The Optics of Life – A Biologist’s Guide to Light in Nature
Sönke Johnsen
Princeton University Press, £30.95
It is rare for a book to begin with the author admitting to not being sure why he wrote it. But that is how Sönke Johnsen, associate professor of biology at Duke University, opens his splendid portrayal of the importance of optics in vision, ecology, botany, animal behaviour, neurobiology and molecular biology. It's also unusual for a scientist, compiling a detailed and comprehensive yet highly accessible monograph, to assert that, while not "conventionally religious", he is often "overcome by this world" and wishes to share his amazement at "what is all around us".

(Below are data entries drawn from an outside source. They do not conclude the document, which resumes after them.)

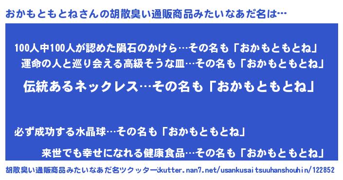 | 意味不明あだ名 | 『とにかく怪しいおかもともとね』 |
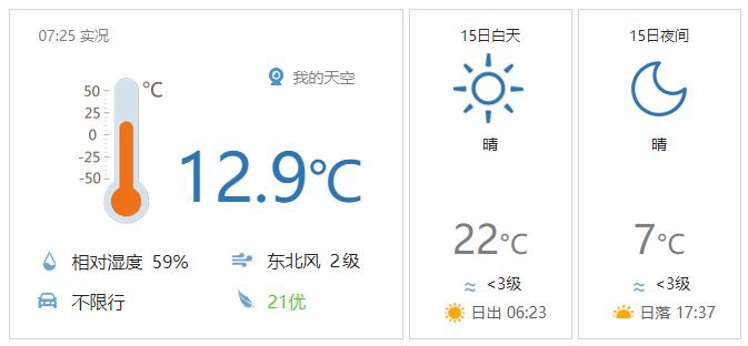 今天白天晴,北风三级左右(阵风五级)转一二级,最高气温23℃;夜间晴,北风一二级,最低气温7℃。
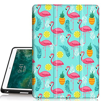 [해외]아이패드 Pro 10.5 Case, Hocase Trifold Folio Smart Case with 애플 Pencil Holder, Unique Pattern Design, Auto Sleep/Wake Feature, Soft TPU Back Cover for 아이패드 Model A1701/A1709 - Pink Flamingo/Teal 요약정보 및 구매
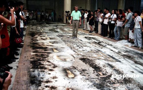 圖為蔡國(guó)強(qiáng)站在爆破畫上進(jìn)行最后檢閱。

While commendably up to date, The Optics of Life is also composed in an enticing style, pruned of all unnecessary jargon. It will speak not only to biological scientists, but also to physicists interested in the countless roles played by light in the natural world.

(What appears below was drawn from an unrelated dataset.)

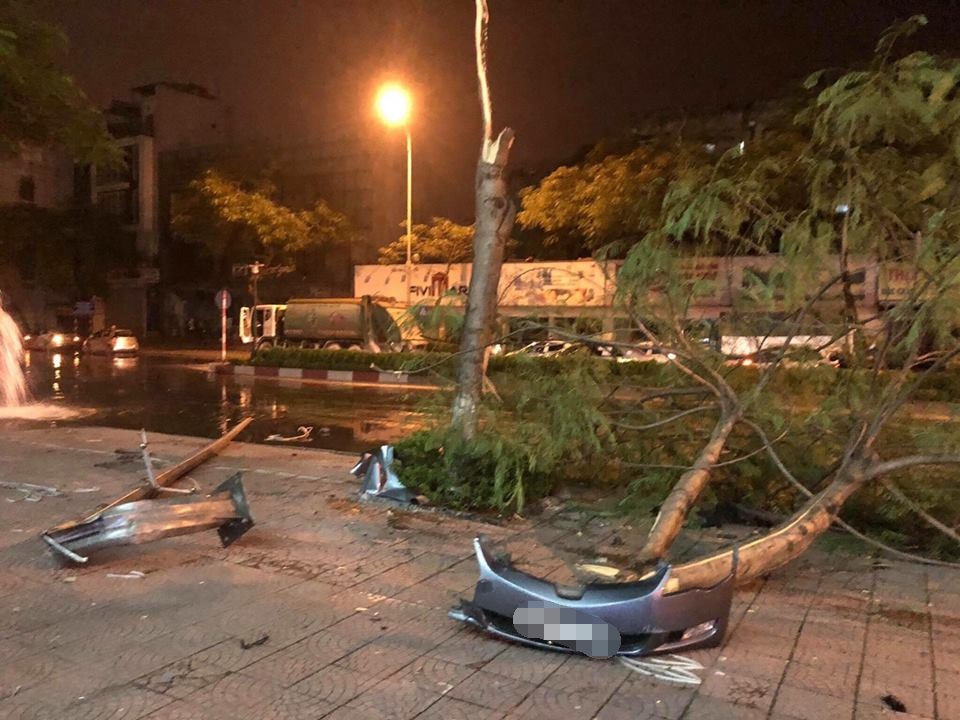 Khi đang di chuyển trên đường Nguyễn Văn Cừ, quận Long Biên xe bất ngờ đâm vào trụ nước phòng cháy chữa cháy ven đường, chưa dừng lại chiếc xe này tiếp tục húc đổ cột đèn điện, gãy ngang cây phượng rồi lật ngửa xe giữa đường.

Following introductory chapters on light's basic properties and the units and geometry of its measurement, Johnsen surveys topics such as absorption, scattering, fluorescence and polarisation. One commentator said that the book would have saved him "a lot of pain" if it had been available when he began his career in photoecology.
I recommend Johnsen's account of light in nature to one group of readers in particular: those about to embark on a textbook of their own. From the first sentence ("Of all the remarkable substances of our experience – rain, leaves, baby toes – light is perhaps the most miraculous"), this is a model of how to infuse high-level scientific information with colour, humanity and even humour.